4. Mengancam Transparansi dan Kepercayaan : Sistem hukum yang transparan mensyaratkan bahwa apa yang tertulis haruslah yang berlaku. Dengan mengedepankan kesaksian lisan di atas teks otentik, transparansi hukum menjadi kabur dan digantikan oleh subjektivitas penilaian hakim terhadap keterangan saksi.

 

6. Analisis Prosedural : Perlindungan Notaris dalam Pemanggilan.

 

Sistem hukum Indonesia menyadari potensi penyalahgunaan pemanggilan Notaris, sehingga dibentuklah mekanisme perlindungan jabatan yang tertuang dalam UUJN dan dikuatkan oleh putusan-putusan Mahkamah Konstitusi.

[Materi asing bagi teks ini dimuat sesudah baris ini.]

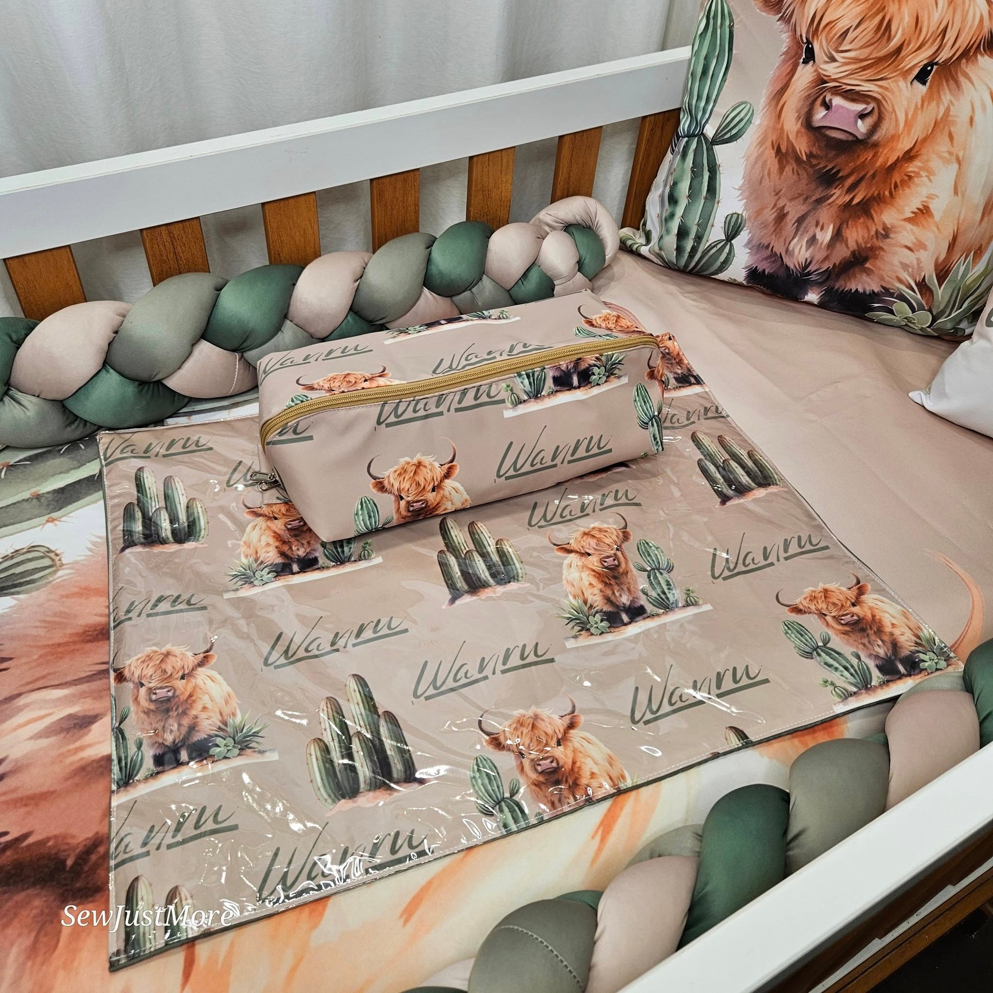 Also comes with a travel diaper changing set. A nappy changing mat so that nappies can be changed anywhere and a bag to hold that wipes and diapers. Also included is a small swaddle blanket.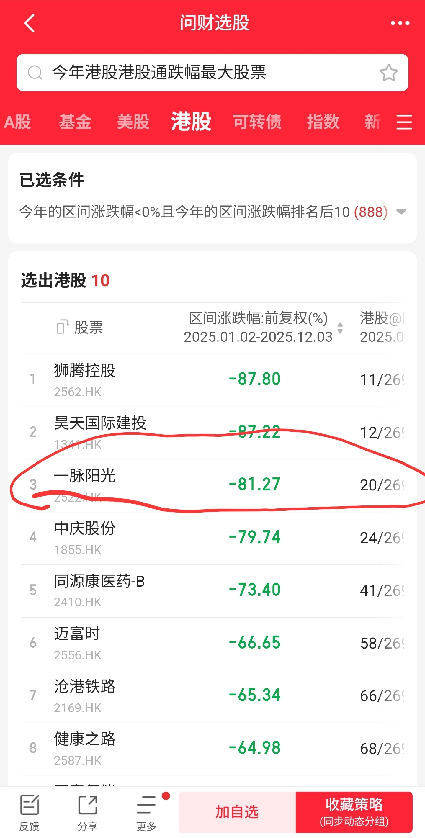 $一脉阳光(HK|02522)$ 年度跌幅排第3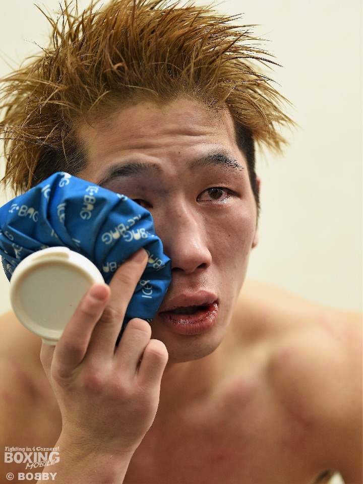 多くの報道陣に囲まれて会見に応じた勅使河原は、試合1ヶ月前に行ったWBA世界バンタム級王者の井上尚弥(大橋)とのスパーリングでスランプに陥ったことを告白。さらに初回に右拳を痛めたことを明かした。苦笑いを浮かべた勅使河原は、「相手のパンチをもらうたびに悔しくて惨めな気持ちになった。右拳の握りが弱くなり、普段どれだけ右に頼っているのかと感じた。今日の試合は勉強になった」と反省を口にした。

a. Hak Ingkar dan Rahasia Jabatan (Verschoningsrecht)

Notaris memiliki kewajiban untuk merahasiakan segala sesuatu mengenai akta yang dibuatnya dan segala keterangan yang diperoleh guna pembuatan akta tersebut (Pasal 16 ayat 1 huruf f UUJN). Kewajiban ini merupakan manifestasi dari sumpah jabatan dan bertujuan untuk melindungi kepentingan para pihak.

 

Dalam proses peradilan, kewajiban ini bertransformasi menjadi Hak Ingkar. Berdasarkan Pasal 1909 KUHPerdata, Notaris dapat meminta dibebaskan dari kewajiban memberikan kesaksian berdasarkan rahasia jabatan. Hak ingkar ini bukan merupakan hak personal Notaris, melainkan hak jabatan untuk menjaga martabat akta otentik itu sendiri. Penyesatan pemahaman hukum sering terjadi ketika aparat penegak hukum menganggap hak ingkar ini sebagai penghalang keadilan, padahal ia adalah instrumen pelindung bagi kerahasiaan data warga negara yang tersimpan dalam arsip negara (protokol Notaris).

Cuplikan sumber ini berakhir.